"It is absurd to contend that vice, ecstasy, and passion would become impossible if man and woman were concretely peers" (xiii). ~ Simone de Beauvoir
Amia Srinivasan's book rivals Kate Manne's fantastic
Down Girl in the most exciting way. It's an absolute must read for anyone hoping to improve themselves and the world as we're led incrementally through issues around sexual tensions and traumas all with an intersectional lens. This is a collection of five essays that, she explains, "represent my attempt to put into words what many women, and some men, already know. This has already been the way of feminism: women working collectively to articulate the unsaid, the formerly unsayable" (xv). I mainly focus on the first and final essays, with the others laying further evidence for the primary argument.
THE CONSPIRACY AGAINST MEN
She starts by looking at the 8% of sexual assault reports that have been classified as false based on a police officer's personal judgment.

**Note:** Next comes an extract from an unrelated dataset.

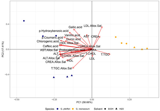 Principal Component Analysis (PCA) of the lipid-lowering properties along with phenolic compounds (Table S1) [12] and total carbohydrate content (TCC) in the four examined fungal extracts of G. pfeifferi and G. resinaceum. The following are the abbreviations of the examined parameters: EtOH—ethanolic extract; H2O—hot-water extract; Allox.Sal—alloxan + saline; CHOL—cholesterol; T.TGC—total triglycerides; CREA—creatinine; ALT—alanine aminotransferase and AST—aspartate aminotransferase; Tukey’s honestly significant difference (HSD) post hoc test (p ≤ 0.05). Data represent the mean ± standard deviation (SD).
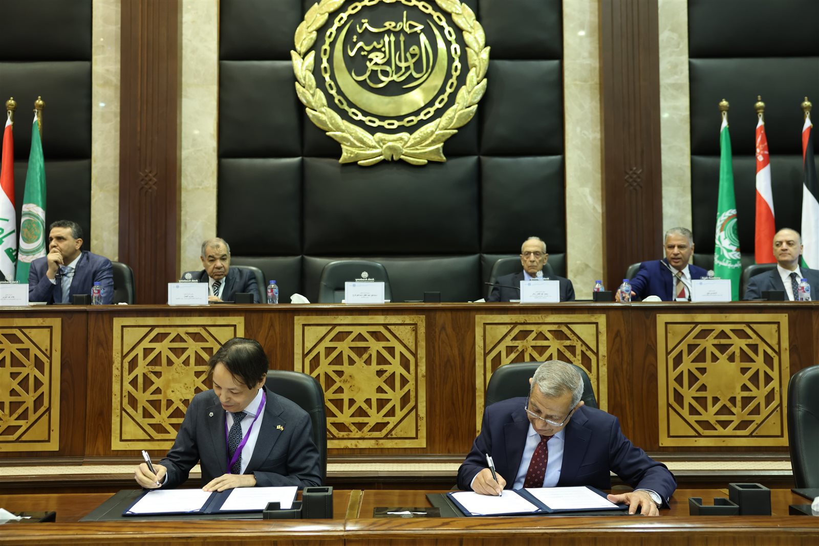 تم توقيع المذكرة الأولى بين الأكاديمية العربية للعلوم والتكنولوجيا والمركز العربي الياباني للتدريب والتنمية المستدامة، بحضور وتوقيع كل من:

"Police officers were inclined to consider a report false if there hadn't been a physical struggle, if no weapon had been involved, or if the accuser had had a prior relationship with the accused. [Of the suspected false reports] none resulted in wrongful conviction. . . . Nonetheless, a false rape accusation, like a plane crash, is an objectively unusual event that occupies an outsized place in the public imagination. why then does it carry its cultural charge? . . . Many, perhaps most, wrongful convictions of rape result from false accusations levied against men by other men: by cops and prosecutors, overwhelmingly male, intent on pinning an actual rape on the wrong suspect. . . . Over half of their cases involved 'official misconduct'" (3-4).